Newsprint sector faces new hurdle on recovery path

Newsprint cost has now risen to $1000 per tonne due to the pandemic's impact on the functioning of mills & Ukraine war disrupting import of newsprint

e4m by Sonam Saini
Published: Apr 19, 2022 8:55 AM  | 4 min read
newsprint

It appears that the print industry's best days are yet to come after seeing the worst during the height of the pandemic. The new challenge for the print industry is a shortage of newsprint due to supply issues and a steep increase in prices. 

Newsprint cost has now risen to around $1000 per tonne, up from $700-$750 (in December 2021). Experts say several factors have led to this shortage – impact of Covid on functioning of newsprint mills and waste paper recycling, and the Ukraine war that has disrupted the import of newsprint. Newsprint is produced by several countries, including Canada, the United States, Korea, and Russia, but the war has affected newsprint supply adversely.

Amit Chopra, Joint Managing Director, Punjab Kesari, says the pandemic affected the collection of waste paper all over the world. As a result, newsprint mills that use recycled paper suffered due to scarcity of raw material. Moreover, many newsprint mills were forced to shud down due to low demand for the same during Covid. Many of the mills did not resume operations. In certain cases, supply could not meet the demand.

Chopra further said the cost of shipping has become prohibitively expensive as a result of the pandemic's disruption. The conflict in Ukraine has further added to the problems since Russia is India's largest supplier. “Paper mills in India do not have enough waste paper available and shipment orders are taking at least five months to arrive, resulting in a supply and demand gap,” Chopra added.

According to Varghese Chandy, VP-Marketing & Advertising Sales, Malayala Manorama, newsprint is a 100 per cent imported commodity because Indian manufacturers are not able to meet the demand in India.

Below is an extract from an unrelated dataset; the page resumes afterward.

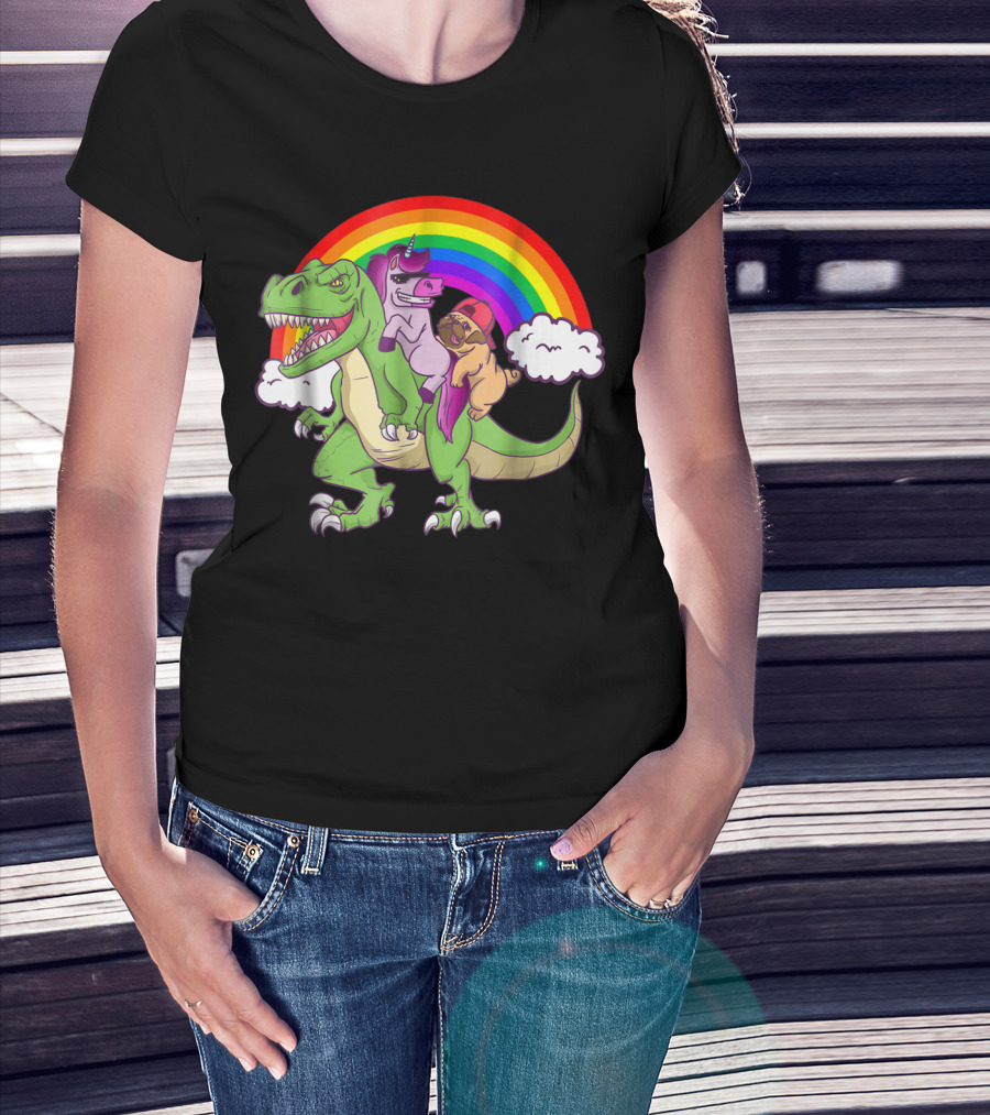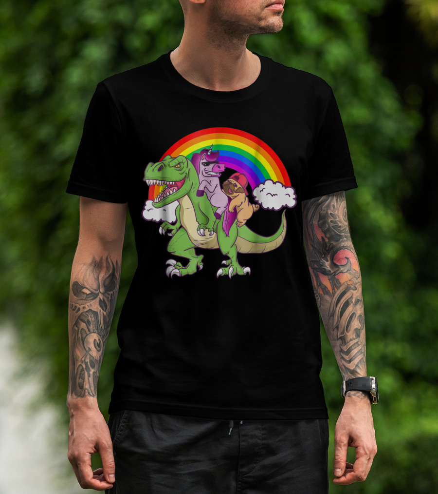 Dinosaur Unicorn Pug Dog Lovers Rainbow Adventure T-Shirt

The quality of newsprint is also not good enough for high-speed printing machines used by Indian newspapers, he said.

"While newsprint prices are unlikely to fall dramatically, we are hopeful that the situation will improve if the war ends. It's a difficult time for all newspapers; they're trying to stay afloat in this crisis,” said Chandy. He also stated this was not the first time the industry had experienced a crisis and similar events have occurred in the past. “We will overcome and survive this as well."

This crisis has forced several smaller publications to shut shop whereas some national names have cut down pagination or the number of pages. 

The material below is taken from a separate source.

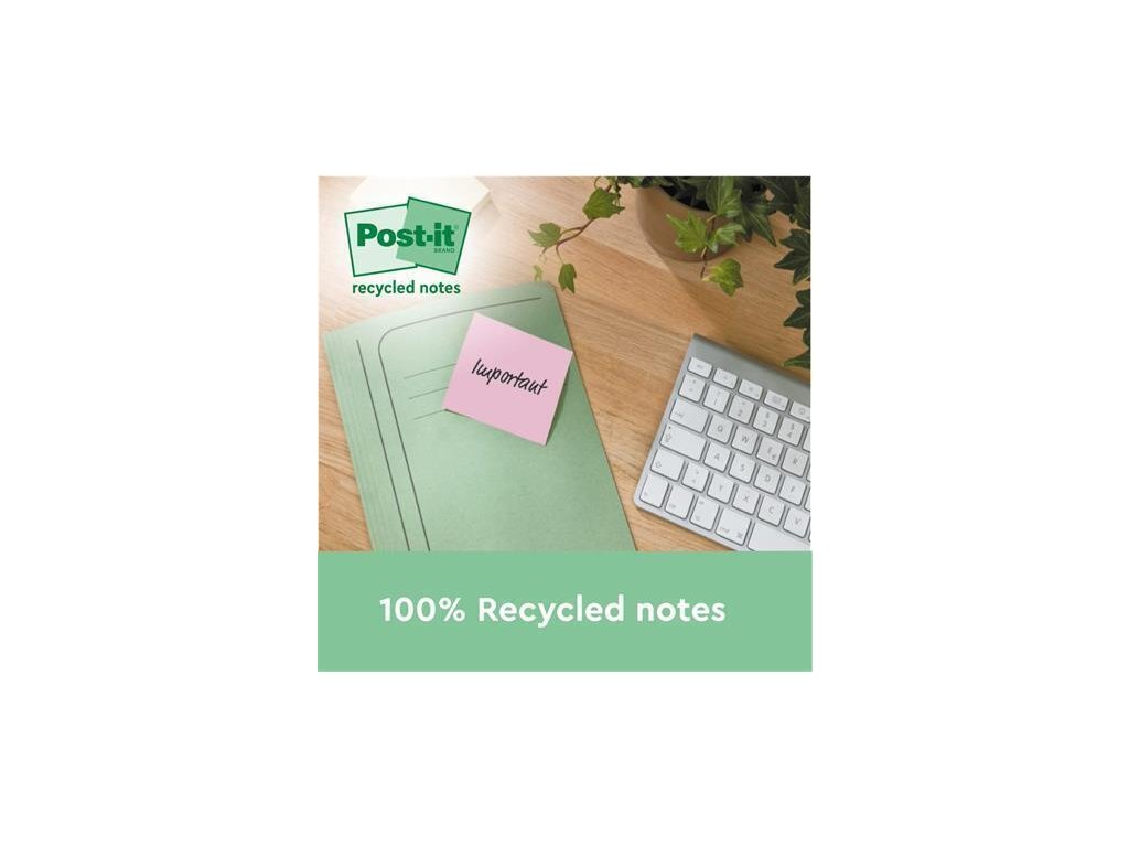 Post-it Nature recyklované bločky jsou vyrobeny ze 100% recyklovaného materiálu - certifikace PEFC RECYCLED. Nebělené. Vícekrát přemístitelné, po odstranění nezanechá stopy.100 listů, 6 bločků
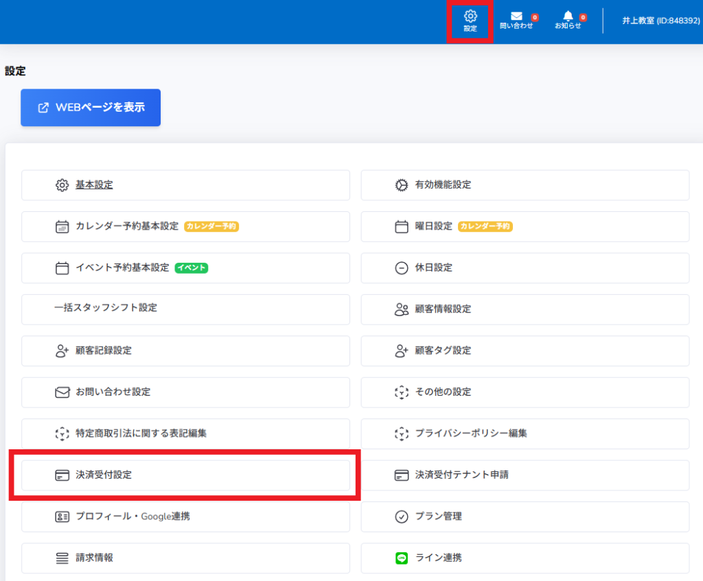 審査通過後、設定の「決済受付設定」を押して、決済設定を表示します。

According to Chopra, some newspapers anticipated this crisis and stocked up on newsprint in advance. “The problem is even if the paper is stocked, how much can one stock anyway?” He is, however, hopeful that the situation will stabilise soon. "We anticipate that everyone will join hands together to help the printing industry in this crisis. In April and May, things will be bad, but by June and July, it should get better. We hope shipments of waste paper and newsprint will begin to arrive soon,” Chopra added. 

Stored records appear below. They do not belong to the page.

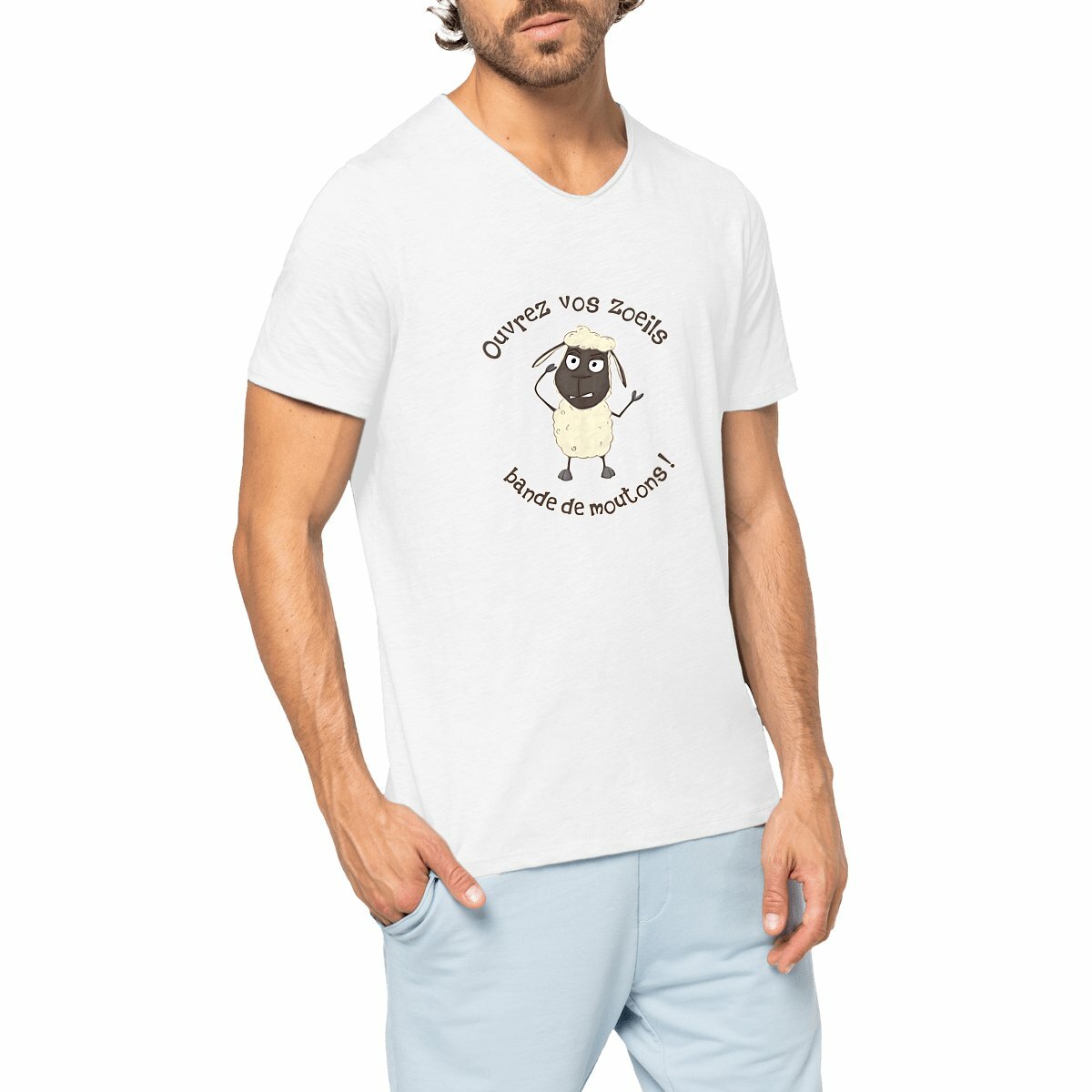 - Un design qui pique (mais juste comme il faut) : Un mouton consterné lâchant un « Ouvrez vos zoeils, bande de moutons ! »… L’ironie est totale et le message, imparable.
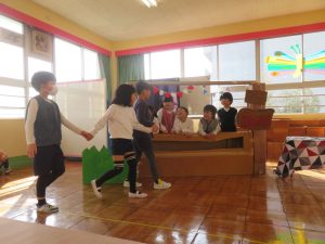 劇ごっことなると、途端にセリフが出なくなったり、緊張して小声になったりしていますが、「早くお客さんに見せたい!」と、招待するのを楽しみにしています。
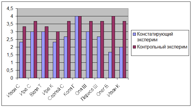 Сравнительная диаграмма результатов исследования детей экспериментальной группы в контрольном и констатирующем эксперименте
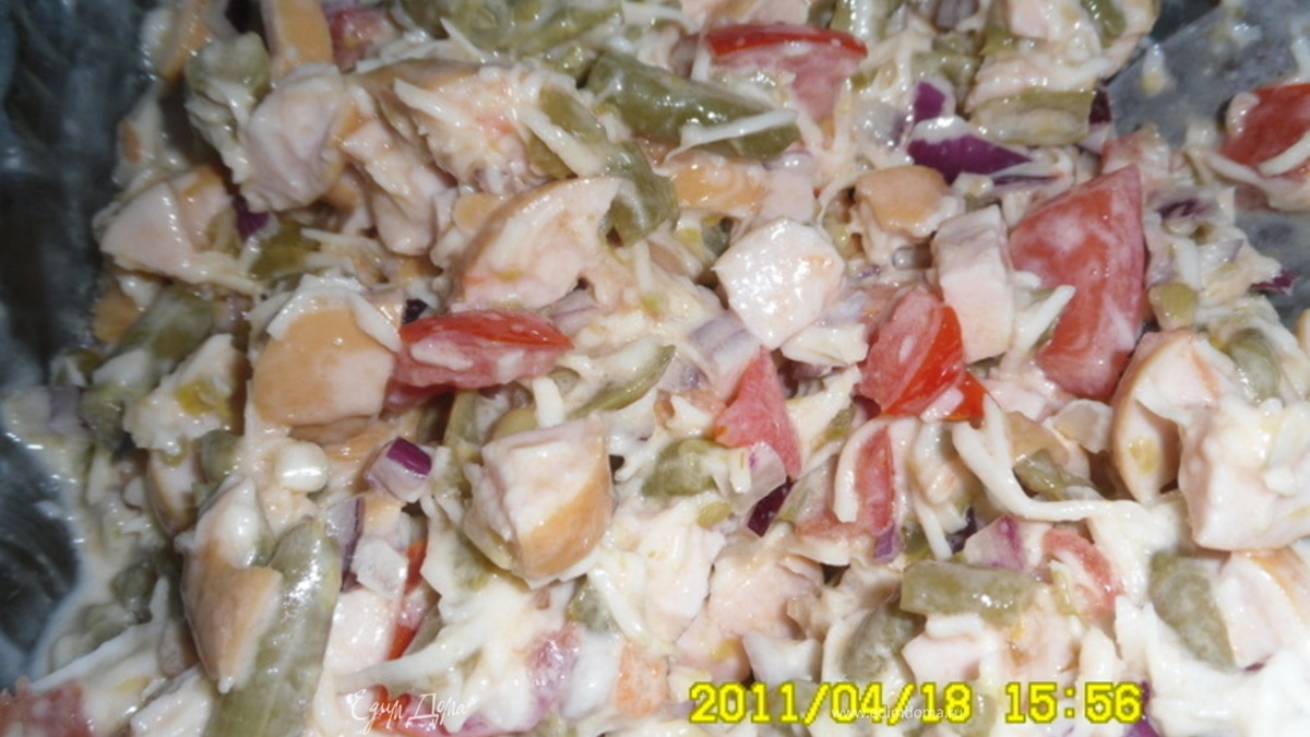 Отварите сосиски, нарежьте их кубиками. На средней терке натрите сыр, нарежьте лук (можно и его натереть). Далее — помидор, фасоль. - Шаг 2Все перемешать и заправить майонезом!
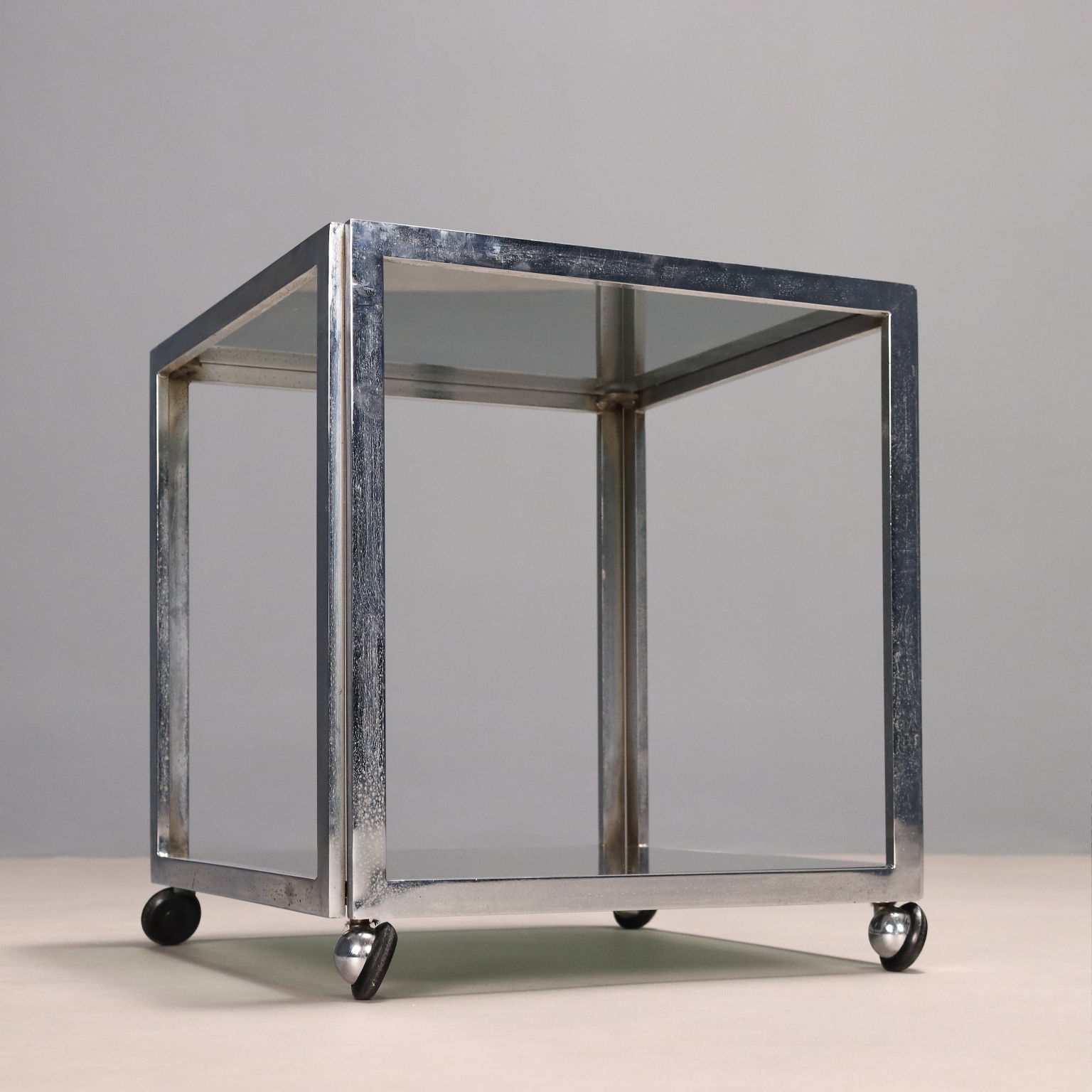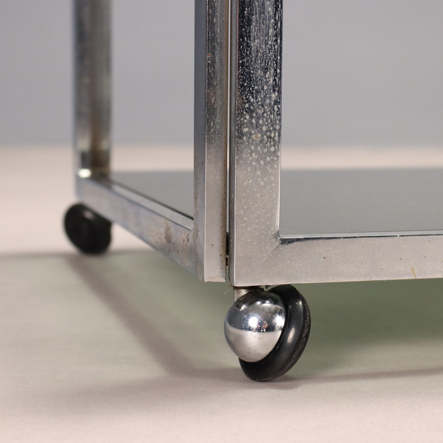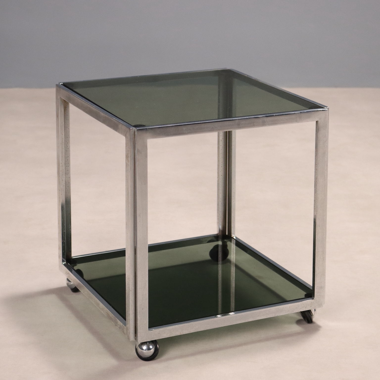 Tavolino da appoggio con struttura in metallo cromato, doppio piano in vetro fumè e rotelle.

As for Mohit Jain, President of Indian Newspaper Society, the domestic mills are asking for more money which is higher than import cost. This is turn, is causing more trouble. He further explained that the total capacity in India is only 0.7 million tonnes but the total consumption is 1.4 million tonnes. “The domestic capacity of newsprint is grossly insufficient. Therefore, publishers are compelled to import and the quality of domestic mills is inferior to imported ones.”    

According to Jain, publishers today are running low on inventory and they are facing material shortage. “The price has gone up so much that many newspapers - small and medium - are likely to close down or go into losses.” 

He also shared that domestic mills are unable to meet the requirement and in between these mills convert their capacity into writing and printing because it gives them a better margin.

Jain mentioned that INS has appealed to the Indian government to remove the 5% custom duty. They have also put in a request that mills in India have the Registrar of Newspaper of India (RNI) licence. Jain also contended that they have asked the advertising rates to be increased as well. “Our DAVP rates should be revived significantly.”